This calls for a word-for-word copy of all the data, with each picture removed.

Information provided
>>
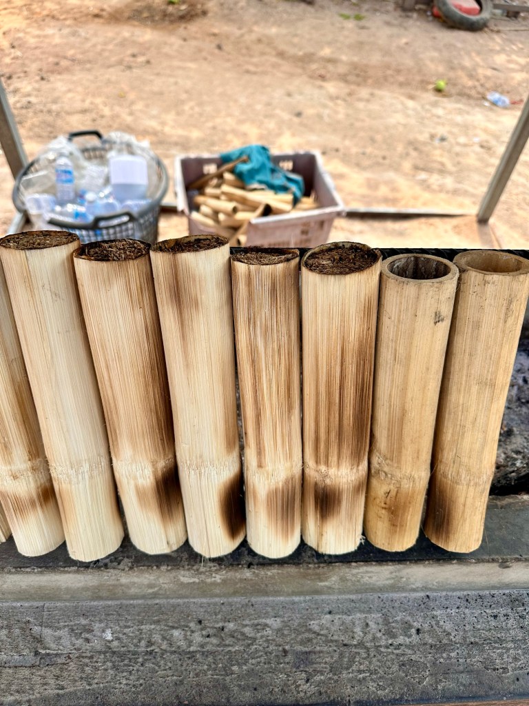 Het landschap waar we doorheen tuffen is vlak met veel landbouw. Langs de (grote) doorgaande weg is vooral lintbebouwing te zien. Paalwoningen in alle soorten (hout, golfplaten, steen) en maten en vooral in de mooiste kleuren sieren het landschap. Er staan talloze stalletjes langs de kant van de weg, allemaal uitgerust met kokers van gelijke grootte. Als we vragen wat dat is, stopt de chauffeur en trakteert ons op een koker waar sticky cocosrijst in blijkt te zitten.
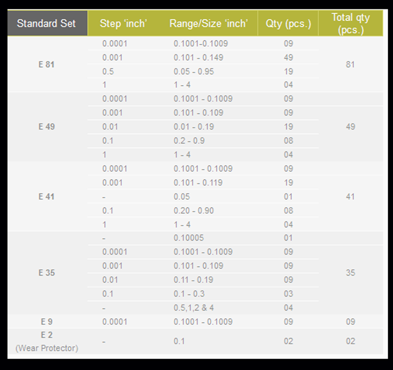 ¦ Standard Gauge Block Sets (Imperial)as per BS 4311
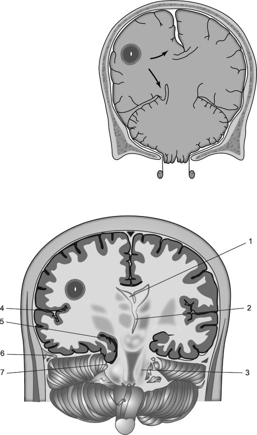 При смещении (дислокации) мозговой ткани в сторону, противоположную зоне более высокого давления, возможно придавливание не поврежденных ранее мозговых структур, расположенных на значительном расстоянии от основного патологического очага и до этого сохраняющих свои функции, к костям черепа или к дубликатурам твердой мозговой оболочки, что, кроме нарастания выраженности общемозговой симптоматики, сопровождается появлением новых очаговых симптомов на расстоянии, существенно осложняющих клиническую картину. Особую опасность при этом составляет проникновение (вклинение) смещаемой ткани мозга в узкие пространства, ограниченные костной тканью или плотными краями таких дубликатур твердой мозговой оболочки, как сер- повидные отростки и намет мозжечка - вклинение их под серп большого мозга, в вырезку намета мозжечка или большое затылочное отверстие.
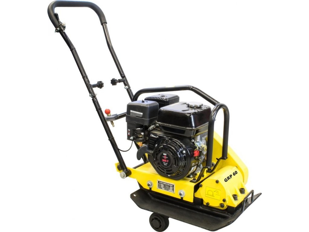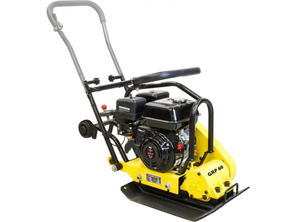 Kompaktná vibračná doska, určená na terénne úpravy alebo stavebné práce okolo domu, v záhrade a pod.
<<
Output for this task
 Het landschap waar we doorheen tuffen is vlak met veel landbouw. Langs de (grote) doorgaande weg is vooral lintbebouwing te zien. Paalwoningen in alle soorten (hout, golfplaten, steen) en maten en vooral in de mooiste kleuren sieren het landschap. Er staan talloze stalletjes langs de kant van de weg, allemaal uitgerust met kokers van gelijke grootte. Als we vragen wat dat is, stopt de chauffeur en trakteert ons op een koker waar sticky cocosrijst in blijkt te zitten.
 ¦ Standard Gauge Block Sets (Imperial)as per BS 4311
 При смещении (дислокации) мозговой ткани в сторону, противоположную зоне более высокого давления, возможно придавливание не поврежденных ранее мозговых структур, расположенных на значительном расстоянии от основного патологического очага и до этого сохраняющих свои функции, к костям черепа или к дубликатурам твердой мозговой оболочки, что, кроме нарастания выраженности общемозговой симптоматики, сопровождается появлением новых очаговых симптомов на расстоянии, существенно осложняющих клиническую картину. Особую опасность при этом составляет проникновение (вклинение) смещаемой ткани мозга в узкие пространства, ограниченные костной тканью или плотными краями таких дубликатур твердой мозговой оболочки, как сер- повидные отростки и намет мозжечка - вклинение их под серп большого мозга, в вырезку намета мозжечка или большое затылочное отверстие.
 Kompaktná vibračná doska, určená na terénne úpravy alebo stavebné práce okolo domu, v záhrade a pod.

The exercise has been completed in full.